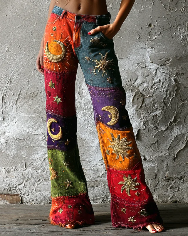 Women's Star and Moon Embroidered Contrast Color Stitching Pants 5620
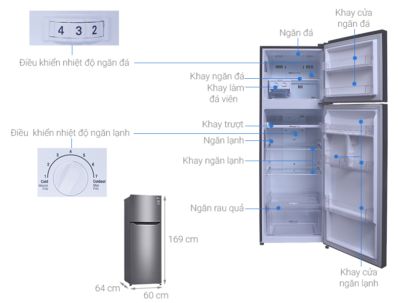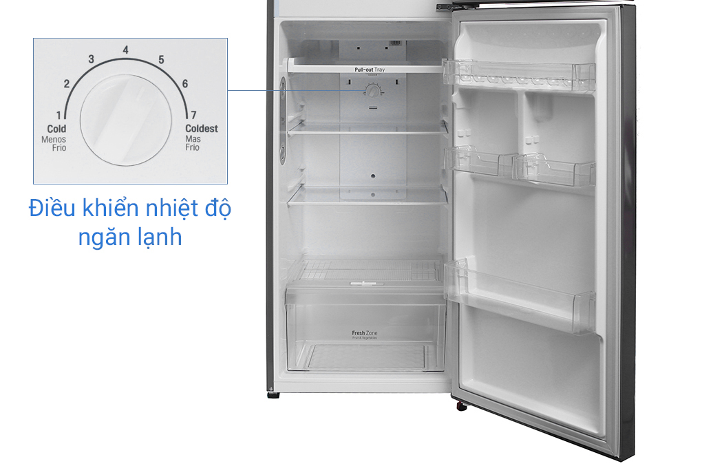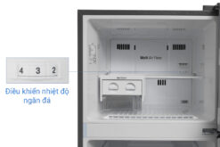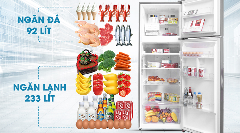 Tủ lạnh có dung tích tổng lên đến 315 lít, sức chứa ngăn đá 92 lít, ngăn lạnh 233 lít, cho phép bạn bảo quản thoải được nhiều loại thực phẩm khác nhau, sản phẩm phù hợp cho gia đình có 3 – 4 thành viên.
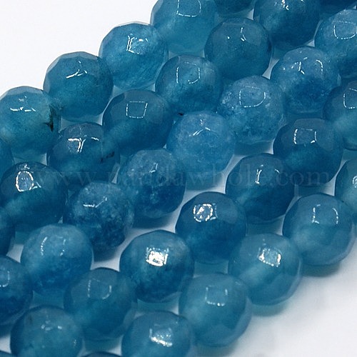 Бусины из натурального белого нефрита, имитация аквамарин цвет, граненые, окрашенные, круглые, голубой (007GCF)
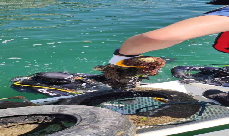 Tekirdağ’da Çevre Haftası sebebiyle yapılan dip temizliğinden çöpler fışkırdı.
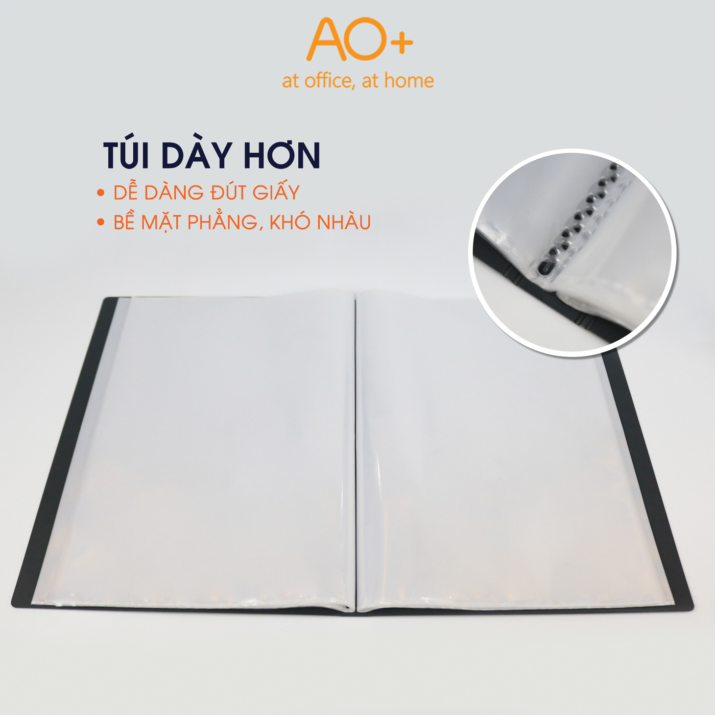Thương hiệu: AO+ Xuất xứ : Việt Nam ĐẶC TÍNH NỔI BẬT: - Gáy đặc biệt, tự co dãn, mềm mại, thích ứng với mọi loại tài liệu - Túi đựng tài liệu trong suốt,
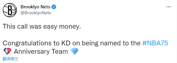 哈登正式入选后,篮网官方也是第一时间恭喜哈登成为历史最伟大球员的一员;篮网现有阵容中已经有两位入选历史75大球星榜单。
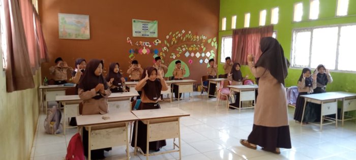 Dewan guru MIN 1 Tebo melaksanakan pembelajaran di kelas dengan penuh semangat dan antusias. Selama proses belajar, beberapa guru menerapkan metode ice breaking, seperti permainan huruf vokal A, I, U, E, O yang dilakukan oleh siswa kelas 1. Sementara itu, di kelas lain, guru tampak menjelaskan materi pelajaran sambil mengawasi siswa yang mengerjakan soal-soal latihan. Setiap guru memiliki strategi tersendiri dalam menyampaikan materi agar siswa lebih mudah memahami pelajaran yang diberikan hari itu.
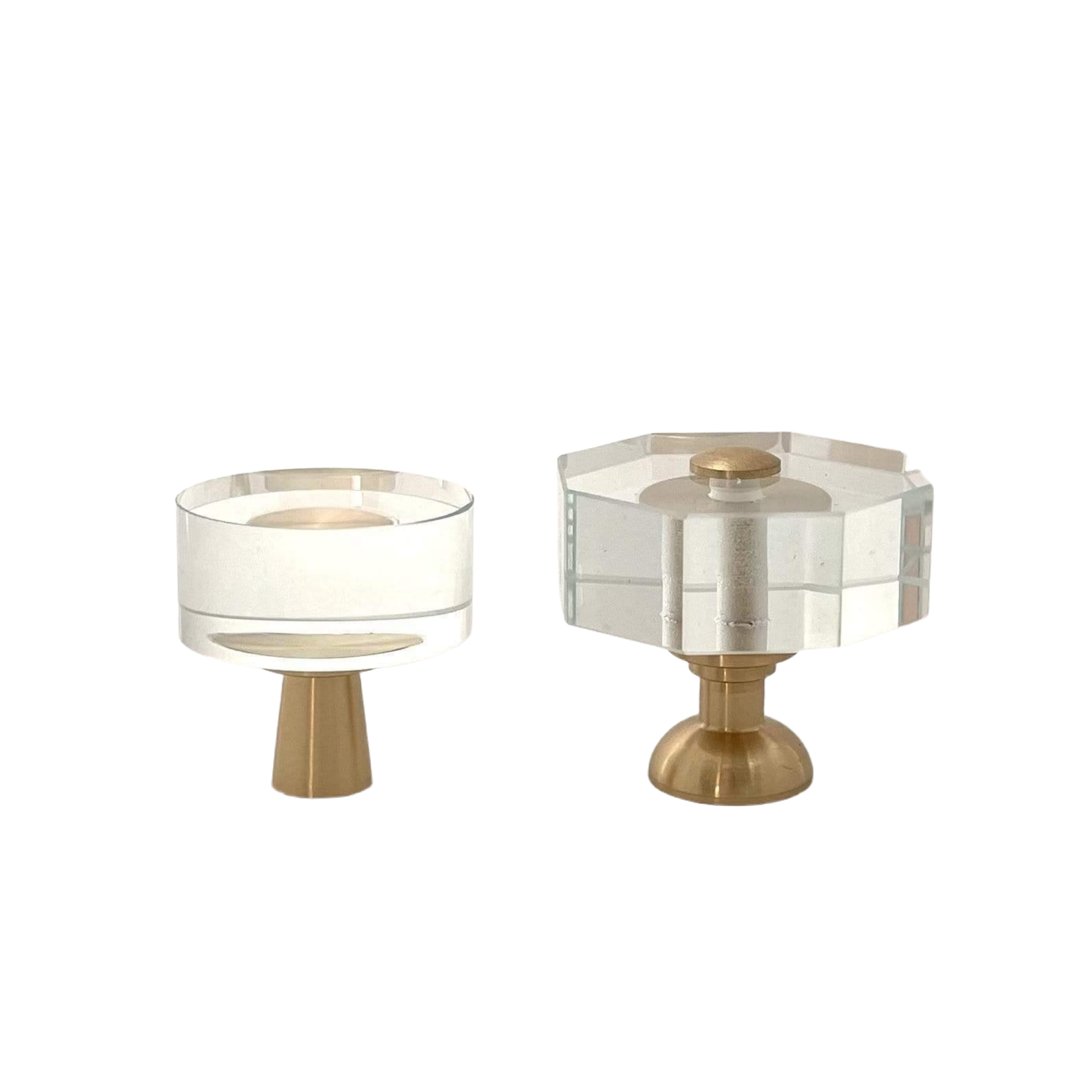 Model 1, rund: Diameter: 25 mm Højde: 26 mm Farve og materiale: Klar akryl og messing

What you have to do:
Would you restate all of the data above word for word, omitting the pictures?

Task solution:
 Women's Star and Moon Embroidered Contrast Color Stitching Pants 5620
 Tủ lạnh có dung tích tổng lên đến 315 lít, sức chứa ngăn đá 92 lít, ngăn lạnh 233 lít, cho phép bạn bảo quản thoải được nhiều loại thực phẩm khác nhau, sản phẩm phù hợp cho gia đình có 3 – 4 thành viên.
 Бусины из натурального белого нефрита, имитация аквамарин цвет, граненые, окрашенные, круглые, голубой (007GCF)
 Tekirdağ’da Çevre Haftası sebebiyle yapılan dip temizliğinden çöpler fışkırdı.
Thương hiệu: AO+ Xuất xứ : Việt Nam ĐẶC TÍNH NỔI BẬT: - Gáy đặc biệt, tự co dãn, mềm mại, thích ứng với mọi loại tài liệu - Túi đựng tài liệu trong suốt,
 哈登正式入选后,篮网官方也是第一时间恭喜哈登成为历史最伟大球员的一员;篮网现有阵容中已经有两位入选历史75大球星榜单。
 Dewan guru MIN 1 Tebo melaksanakan pembelajaran di kelas dengan penuh semangat dan antusias. Selama proses belajar, beberapa guru menerapkan metode ice breaking, seperti permainan huruf vokal A, I, U, E, O yang dilakukan oleh siswa kelas 1. Sementara itu, di kelas lain, guru tampak menjelaskan materi pelajaran sambil mengawasi siswa yang mengerjakan soal-soal latihan. Setiap guru memiliki strategi tersendiri dalam menyampaikan materi agar siswa lebih mudah memahami pelajaran yang diberikan hari itu.
 Model 1, rund: Diameter: 25 mm Højde: 26 mm Farve og materiale: Klar akryl og messing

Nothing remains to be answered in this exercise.